From: Ning Zhang <ningzhang@linux.alibaba.com>
To: "Alex Zhu (Kernel)" <alexlzhu@meta.com>, Yu Zhao <yuzhao@google.com>
Cc: "linux-mm@kvack.org" <linux-mm@kvack.org>,
Kernel Team <Kernel-team@fb.com>,
Matthew Wilcox <willy@infradead.org>,
Rik van Riel <riel@surriel.com>,
Johannes Weiner <hannes@cmpxchg.org>
Subject: Re: [PATCH v4 2/3] mm: changes to split_huge_page() to free zero filled tail pages
Date: Tue, 25 Oct 2022 14:21:18 +0800 [thread overview]
Message-ID: <351a87a2-3bb1-f66b-af95-34ec15a9af54@linux.alibaba.com> (raw)
In-Reply-To: <A59014C8-2318-42EA-A4CA-80B76D9197AA@fb.com>
[-- Attachment #1: Type: text/plain, Size: 3693 bytes --]
在 2022/10/20 02:48, Alex Zhu (Kernel) 写道:
>
>
>> On Oct 18, 2022, at 10:12 PM, Yu Zhao <yuzhao@google.com> wrote:
>>
>> On Tue, Oct 18, 2022 at 9:42 PM <alexlzhu@fb.com> wrote:
>>>
>>> From: Alexander Zhu <alexlzhu@fb.com>
>>>
>>> Currently, when /sys/kernel/mm/transparent_hugepage/enabled=always
>>> is set
>>> there are a large number of transparent hugepages that are almost
>>> entirely
>>> zero filled. This is mentioned in a number of previous patchsets
>>> including:
>>> https://lore.kernel.org/all/20210731063938.1391602-1-yuzhao@google.com/
>>> https://lore.kernel.org/all/
>>> 1635422215-99394-1-git-send-email-ningzhang@linux.alibaba.com/
>>>
>>> Currently, split_huge_page() does not have a way to identify zero filled
>>> pages within the THP. Thus these zero pages get remapped and continue to
>>> create memory waste. In this patch, we identify and free tail pages that
>>> are zero filled in split_huge_page(). In this way, we avoid mapping
>>> these
>>> pages back into page table entries and can free up unused memory within
>>> THPs.
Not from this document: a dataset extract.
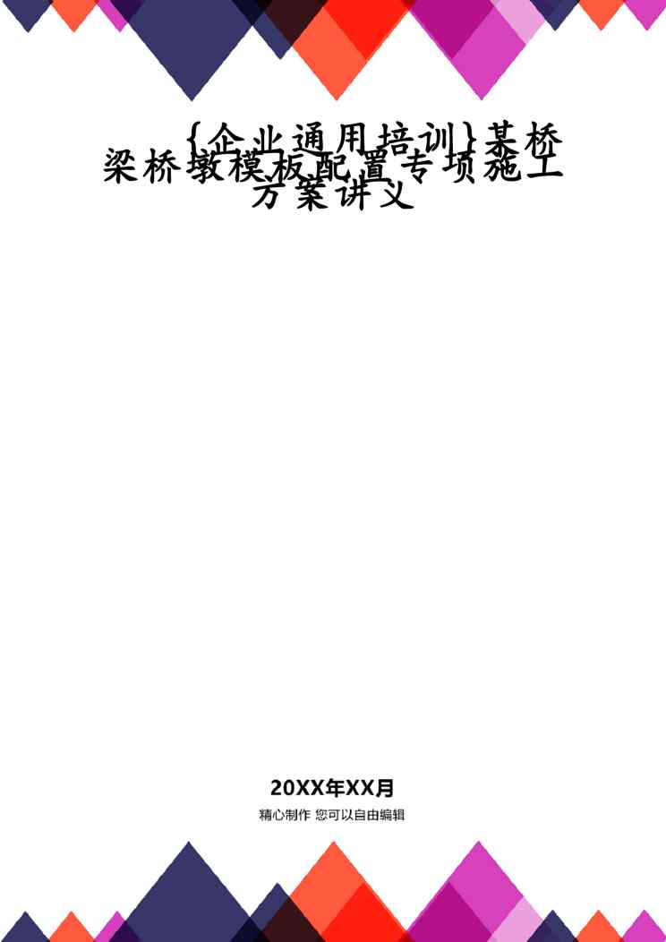 本站资深用户发布了最新的《{企业通用培训}某桥梁桥墩模板配置专项施工方案讲义》文档,以下内容为预览,详细内容可下载阅读。 声明:本站所有文章,如无特殊说明或标注,均为本站原创发布。任何个人或组织,在未征得本站同意时,禁止复制、盗用、采集、发布本站内容到任何网站、书籍等各类媒体平台。如若本站内容侵犯了原著者的合法权益,可联系我们进行处理。

This is based off the previously mentioned patchset by Yu Zhao.
>>
>> Hi Alex,
>>
>> Generally the process [1] to follow is that you keep my patches
>> separate from yours, rather than squash them into one, e.g., [2].
>>
>> [1]https://www.kernel.org/doc/html/latest/process/submitting-patches.html
>> [2]https://lore.kernel.org/linux-mm/cover.1665568707.git.christophe.leroy@csgroup.eu/
>>
>> Also it's a courtesy to cc Ning, since his approach is (very) similar
>> to yours. Naturally he would wonder if you are reinventing the wheel,
>> so you'd have to address it in your cover letter.
>
> Sorry about that. Will cc Ning as well in future iterations. I will
> split out the second patch into a few patches as well.
>
> This patchset differs from Ning's RFC in that we make use of list_lru
> and a shrinker, as discussed previously:
> https://lore.kernel.org/linux-mm/CAOUHufYeuMN9As58BVwMKSN6viOZKReXNeCBgGeeL6ToWGsEKw@mail.gmail.com/
>
> The approach is different, but we are fundamentally still cleaning up
> underutilized THPs (contain a large number of zero pages).
>
I have used a shrinker in previous version (see
https://gitee.com/anolis/cloud-kernel/commit/62f8852885cc7f23063886d36fd36d94b48d3982)
.
But the shrinker has a problem that it can't control the split number
accurately. For example, I only want to split two THPs to avoid OOM, but
shrinker may split many THPs.
>>
>>> However, we chose to free anonymous zero tail pages whenever they are
>>> encountered instead of only on reclaim or migration.
>>
>> What are cases that are not on reclaim or migration?
>
> It would be any case where split_huge_page is called on anonymous
> memory. split_huge_page is also called from KSM and madvise. It can
> also be called from debugfs, which is what the self test relies on. We
> thought this implementation would be more generic. As far as I can
> tell there is no reason to keep zero pages around in anonymous THPs
> that have been split.
>
> We also handled remapping to a shared zero page on userfaultfd in a
> previous iteration. That is the only use case I am aware of where we
> do not want to zap the zero pages.
>>
>> As I've explained off the mailing list, it's likely a bug if you
>> really have one. And I don't think you do. I'm currently under the
>> impression that you have a slab shrinker, and slab shrinkers are on
>> the reclaim path.
>>
>> Thanks.
>
> This shrinker is not only for slabs. It’s for all anonymous THPs in
> physical memory. That’s why we needed to add list_lru_add_page and
> list_lru_delete_page as well, as list_lru_add/delete assumes slab
> objects.
>
>
[-- Attachment #2: Type: text/html, Size: 26871 bytes --]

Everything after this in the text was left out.